Well, the Voth have apparently had it for thousands of years and it works pretty well for them. And I already pointed out that the Xindi have a transwarpish technique with their subspace vortexes which they apparently are able to navigate to specific destinations at will.
The Transwarp Project was never mentioned in all of TOS or the movies and only got a mention in TFF because Excelsior just happened to be there when Enterprise docked. If Excelsior hadn't been in port at the time we still wouldn't have known anything about it, especially since the transwarp project itself was never mentioned again by anyone after Scotty sabotaged their computer. That the drive didn't work AT ALL is conjecture based on the Star Trek Chronology but there's no real source for it; considering the Enterprise was able to reach all the way to the center of the galaxy in just a matter of hours, it stands to reason the drive was not only successful but was actually compact enough to be retrofitted to a Constitution class too.

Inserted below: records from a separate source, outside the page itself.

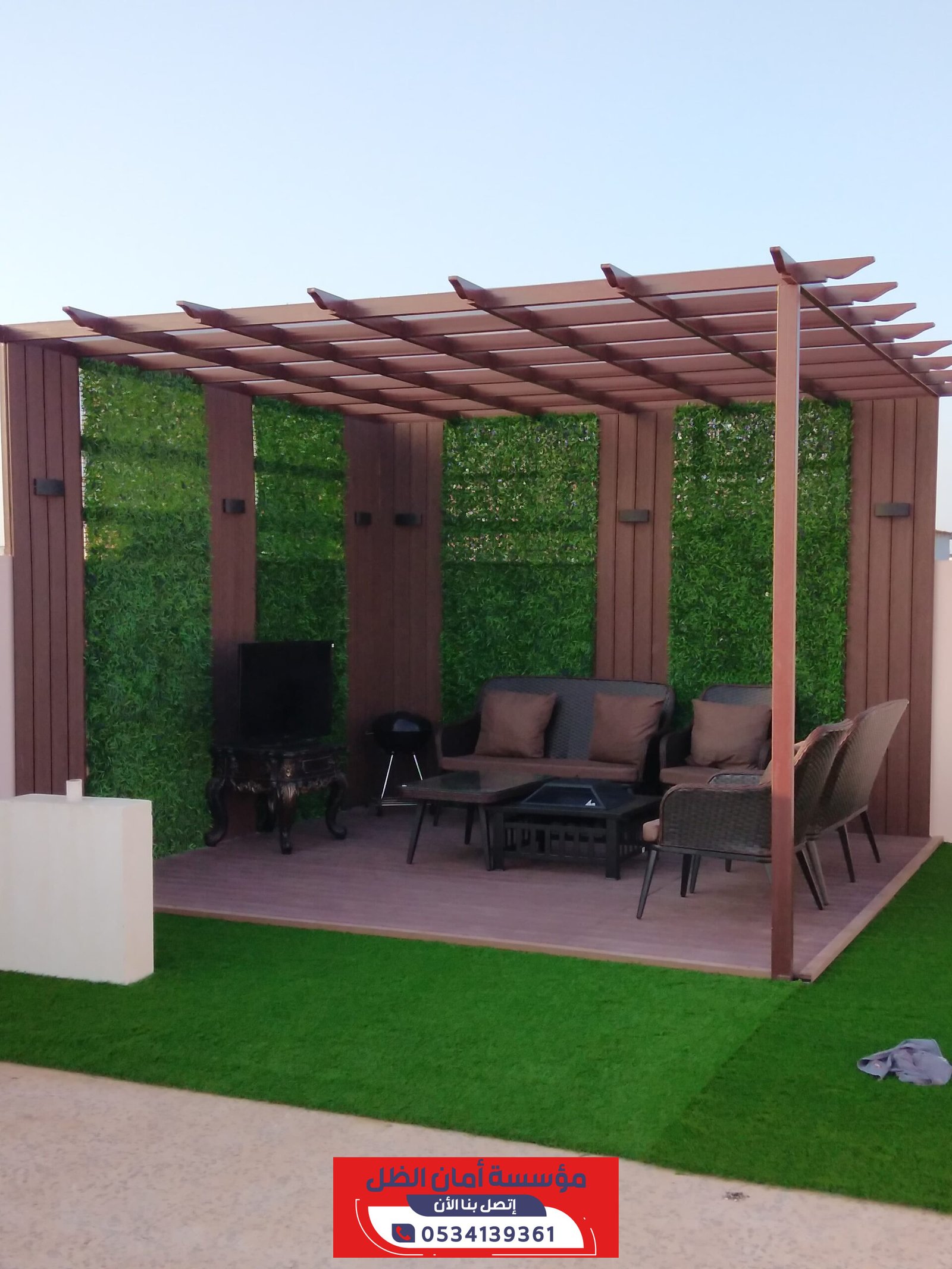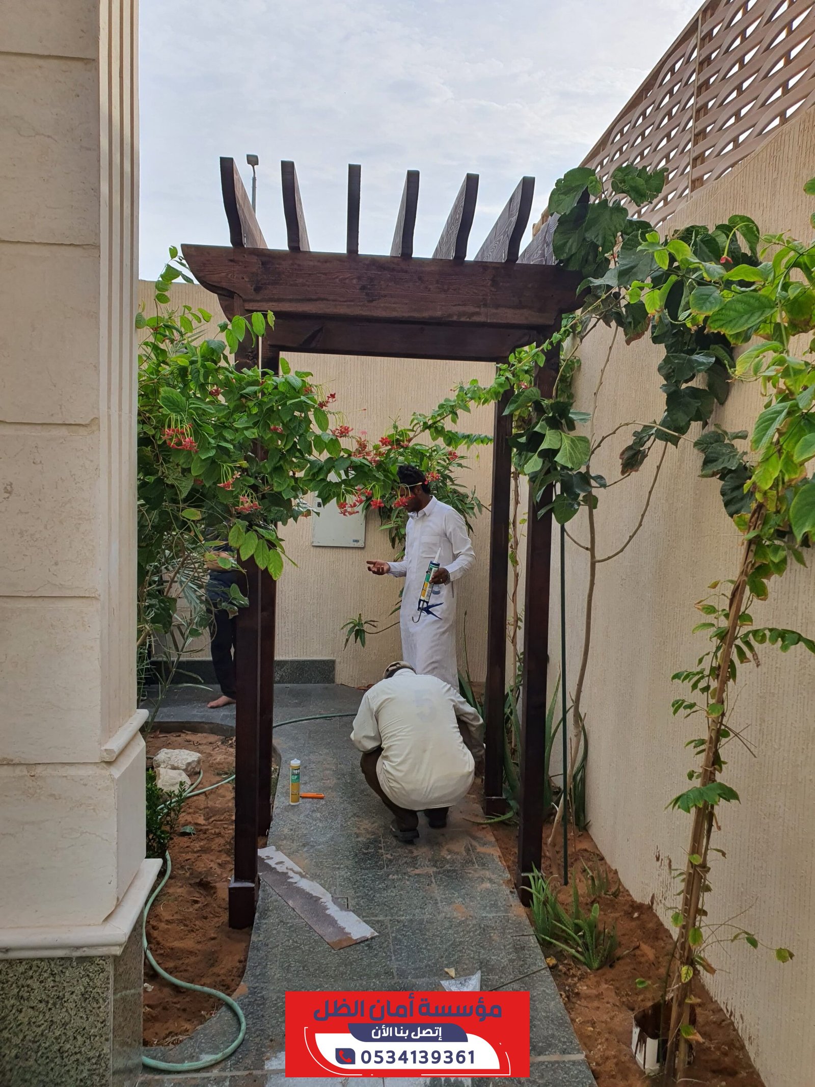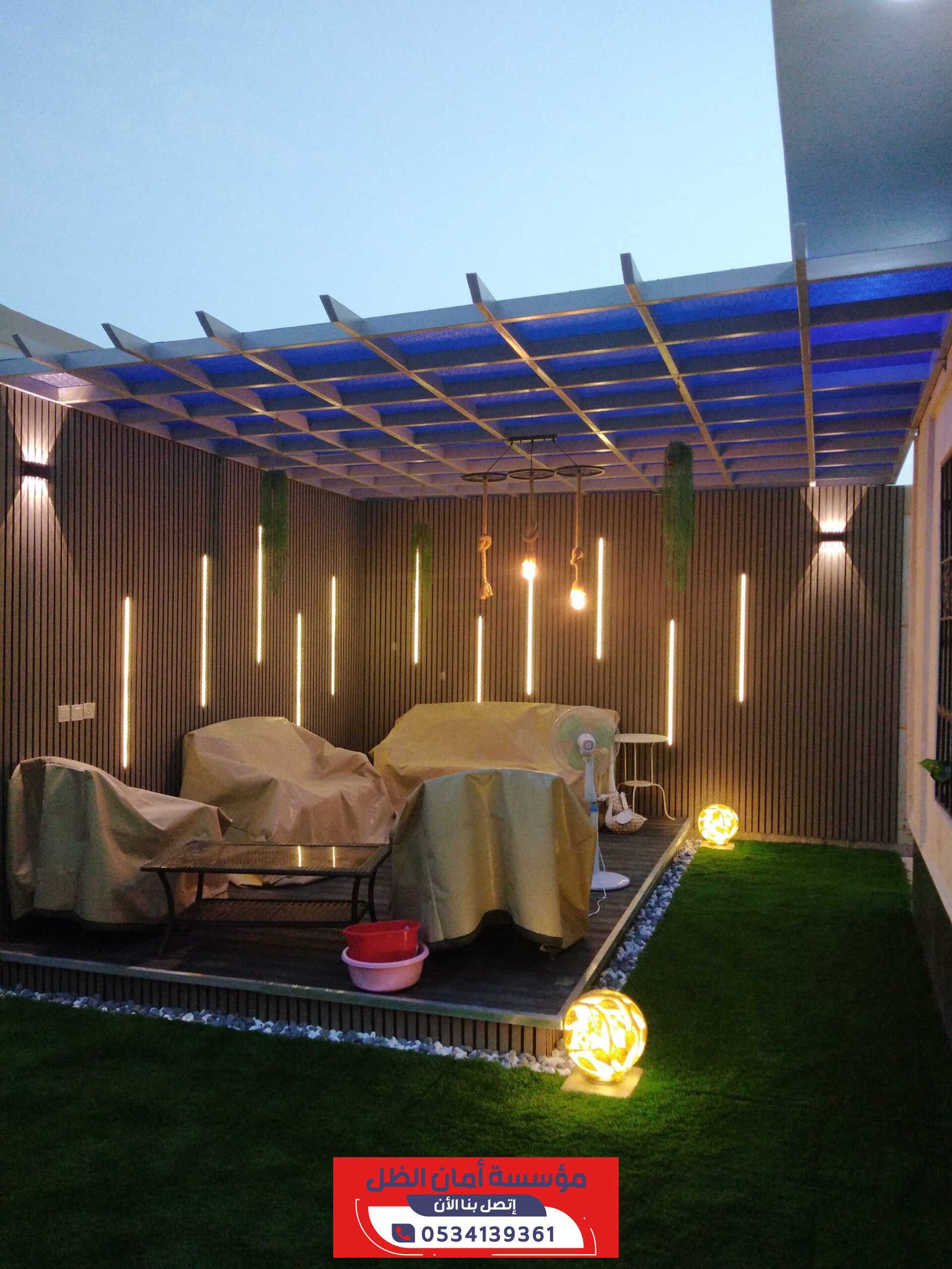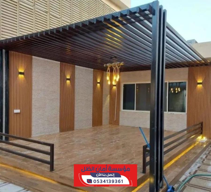 مؤسسة أمان الظل في شمال الرياض متخصصة في تصميم وتركيب البرجولات عالية الجودة بأساليب مبتكرة وخامات متينة توفر ظلاً مثالياً وجمالية فاخرة لمساحاتكم الخارجية مع ضمان تنفيذ احترافي وتصاميم مخصصة تلبي جميع احتياجاتكم.
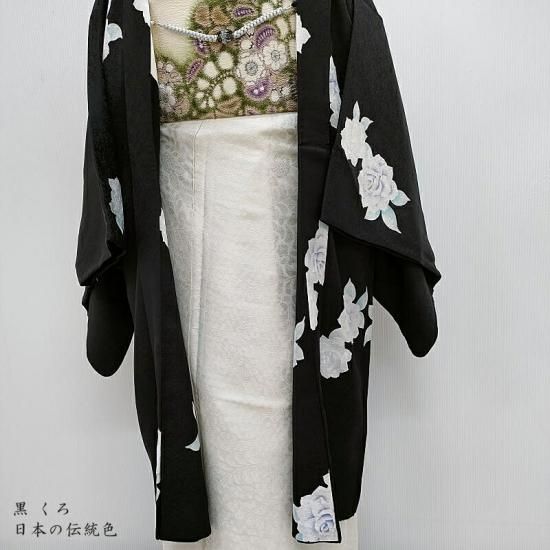 変織の地に薔薇を優雅に染め上げたエレガントさが生える長羽織です。
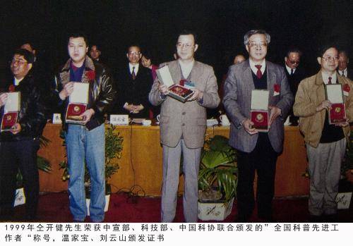 01:1999年仝开健先生荣获中宣部、科技部、中国科协联合颁发的”全国科普先进工作者“称号,温家宝颁发证书
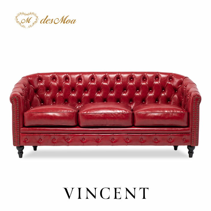 VINCENT ヴィンセントシリーズ ラウンジソファ 3人掛けソファ 3人用 トリプル コンパクト 英国アンティーク調 レトロ クラシカル おしゃれ かっこいい 店舗什器 応接室 書斎 ディスプレイ レストラン ホテル サロン 木製 輸入家具 合成皮革 合皮 赤 レッド VL3P63K
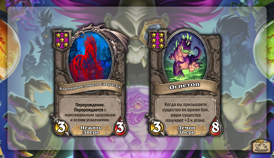 У зверей нет существ с божественными щитами, но есть несколько неплохих синергий с Драконом-киборгом. Первая — Кошмарная лошадь Савраска. Если баффнуть этому юниту божественный щит, то и перерожденная копия его получит. Но в целом такой юнит не будет значительно лучше Бронзового стража или Колосса солнца. Вторая синергия — Огнетоп. У этого зверя-демона нет божественного щита, да и Дракон-киборг ничего не призывает. Но часто этих существ держат вместе, потому что бонусы атаки особенно полезны юнитам с божественным щитом, а пособов призыва в любом лобби достаточно — это Бронзовый страж и Колосс солнца с перерождением, а еще целый ряд других юнитов даже без божественного щита.

The Enterprise traveling to the center of the Galaxy in the fifth movie isn't a good example, since if Starfleet did possess such drives, then Voyager could've been brought home sooner. (I think the best assumption is that the Enterprise-A didn't travel as far as we thought.) Also the fact that the only species known to have successful transwarp drives being cultures far more advanced that the Federation doesn't help the case that the Federation didn't have it. (As I recall, the Xindi's tech wasn't true transwarp.)
(Alternatively, the TOS movies transwarp drive could've been the 24th century normal "warp drive," as Christopher L. Bennett has suggested somewhere. Maybe. Even so, that means that the obscene range that the comics alternate reality Enterprise is still off the table, based on the limitations from VOY.)
As far as the Kelvin timeline comics go, they're full of problems and mistakes, so I don't really see the need to explain this one either beyond: "It's a mistake and non canon, either."